* [Task to complete]: Copy every line from the records below that holds the word "with".

* [Material provided]:
★ ★ ★ ★

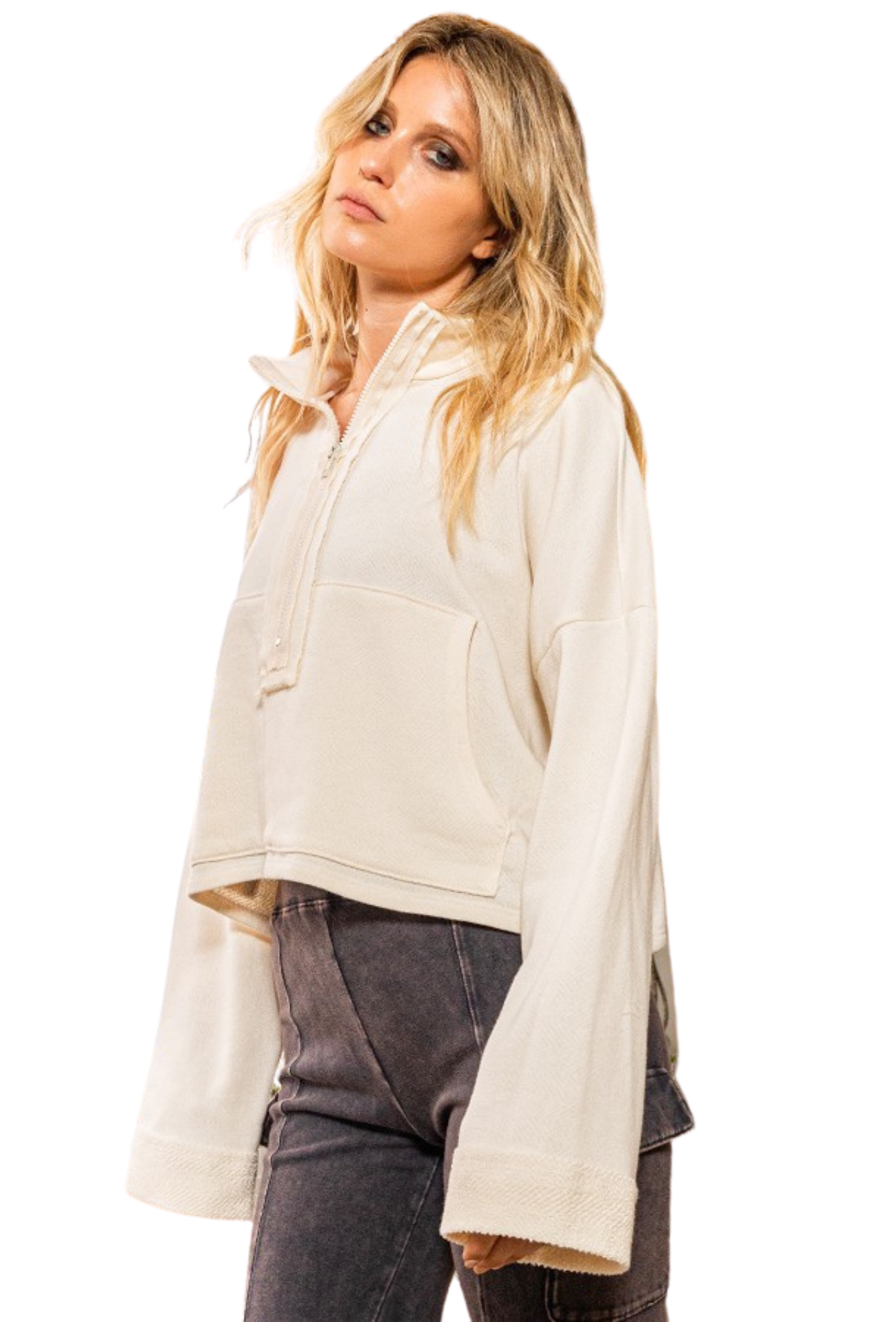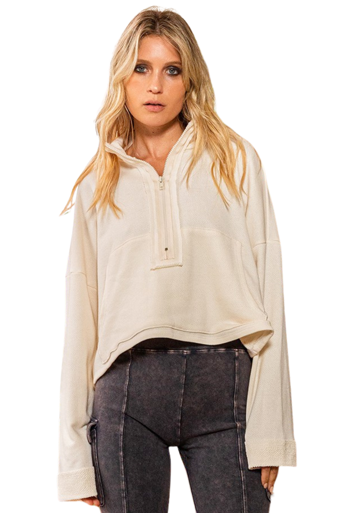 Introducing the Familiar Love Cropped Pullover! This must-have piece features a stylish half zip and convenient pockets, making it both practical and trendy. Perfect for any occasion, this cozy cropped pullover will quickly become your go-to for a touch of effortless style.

★ ★ ★ ★

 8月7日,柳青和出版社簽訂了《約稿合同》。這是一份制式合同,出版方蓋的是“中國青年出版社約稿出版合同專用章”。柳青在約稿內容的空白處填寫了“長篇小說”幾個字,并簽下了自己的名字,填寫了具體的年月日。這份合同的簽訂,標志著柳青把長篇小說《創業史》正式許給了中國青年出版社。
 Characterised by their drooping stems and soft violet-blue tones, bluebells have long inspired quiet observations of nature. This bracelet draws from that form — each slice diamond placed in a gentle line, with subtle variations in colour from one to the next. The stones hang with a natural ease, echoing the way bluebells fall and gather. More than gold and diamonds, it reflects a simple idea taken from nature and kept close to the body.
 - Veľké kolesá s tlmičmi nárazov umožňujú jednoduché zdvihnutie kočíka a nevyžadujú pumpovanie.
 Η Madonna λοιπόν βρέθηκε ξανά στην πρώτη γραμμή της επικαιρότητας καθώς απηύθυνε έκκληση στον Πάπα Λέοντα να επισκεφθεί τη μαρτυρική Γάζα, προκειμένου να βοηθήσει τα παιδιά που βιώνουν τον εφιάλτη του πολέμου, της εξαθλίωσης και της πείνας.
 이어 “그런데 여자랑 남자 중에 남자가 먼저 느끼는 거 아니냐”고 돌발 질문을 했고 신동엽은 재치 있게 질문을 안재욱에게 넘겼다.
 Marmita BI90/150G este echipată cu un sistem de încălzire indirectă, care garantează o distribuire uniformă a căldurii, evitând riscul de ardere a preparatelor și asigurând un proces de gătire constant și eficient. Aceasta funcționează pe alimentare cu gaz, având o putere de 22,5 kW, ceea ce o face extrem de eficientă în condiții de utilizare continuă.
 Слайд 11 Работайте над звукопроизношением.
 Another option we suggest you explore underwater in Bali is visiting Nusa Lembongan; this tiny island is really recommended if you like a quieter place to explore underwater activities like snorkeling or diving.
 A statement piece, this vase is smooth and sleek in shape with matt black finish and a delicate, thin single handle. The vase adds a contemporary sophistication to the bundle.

★ ★ ★ ★

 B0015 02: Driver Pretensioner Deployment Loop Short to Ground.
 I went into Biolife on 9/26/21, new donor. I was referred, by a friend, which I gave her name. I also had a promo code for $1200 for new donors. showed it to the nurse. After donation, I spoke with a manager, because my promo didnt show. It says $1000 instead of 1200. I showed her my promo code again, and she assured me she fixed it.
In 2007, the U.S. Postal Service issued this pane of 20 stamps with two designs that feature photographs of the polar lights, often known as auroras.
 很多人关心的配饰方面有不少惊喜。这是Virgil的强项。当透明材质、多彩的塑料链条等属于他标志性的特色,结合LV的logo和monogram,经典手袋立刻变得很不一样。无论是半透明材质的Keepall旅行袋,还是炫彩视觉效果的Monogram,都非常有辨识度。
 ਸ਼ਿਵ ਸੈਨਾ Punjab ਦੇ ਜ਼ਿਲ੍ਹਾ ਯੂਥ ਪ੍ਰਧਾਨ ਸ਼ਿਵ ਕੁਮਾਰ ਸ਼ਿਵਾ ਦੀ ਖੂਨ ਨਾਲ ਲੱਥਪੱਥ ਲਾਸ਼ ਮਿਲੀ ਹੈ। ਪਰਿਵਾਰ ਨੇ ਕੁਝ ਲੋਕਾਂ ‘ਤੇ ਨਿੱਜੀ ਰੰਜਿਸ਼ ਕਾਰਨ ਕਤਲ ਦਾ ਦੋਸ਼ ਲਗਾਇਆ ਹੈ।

★ ★ ★ ★

* [Written reply]:
 Characterised by their drooping stems and soft violet-blue tones, bluebells have long inspired quiet observations of nature. This bracelet draws from that form — each slice diamond placed in a gentle line, with subtle variations in colour from one to the next. The stones hang with a natural ease, echoing the way bluebells fall and gather. More than gold and diamonds, it reflects a simple idea taken from nature and kept close to the body.
 A statement piece, this vase is smooth and sleek in shape with matt black finish and a delicate, thin single handle. The vase adds a contemporary sophistication to the bundle.
 I went into Biolife on 9/26/21, new donor. I was referred, by a friend, which I gave her name. I also had a promo code for $1200 for new donors. showed it to the nurse. After donation, I spoke with a manager, because my promo didnt show. It says $1000 instead of 1200. I showed her my promo code again, and she assured me she fixed it.
In 2007, the U.S. Postal Service issued this pane of 20 stamps with two designs that feature photographs of the polar lights, often known as auroras.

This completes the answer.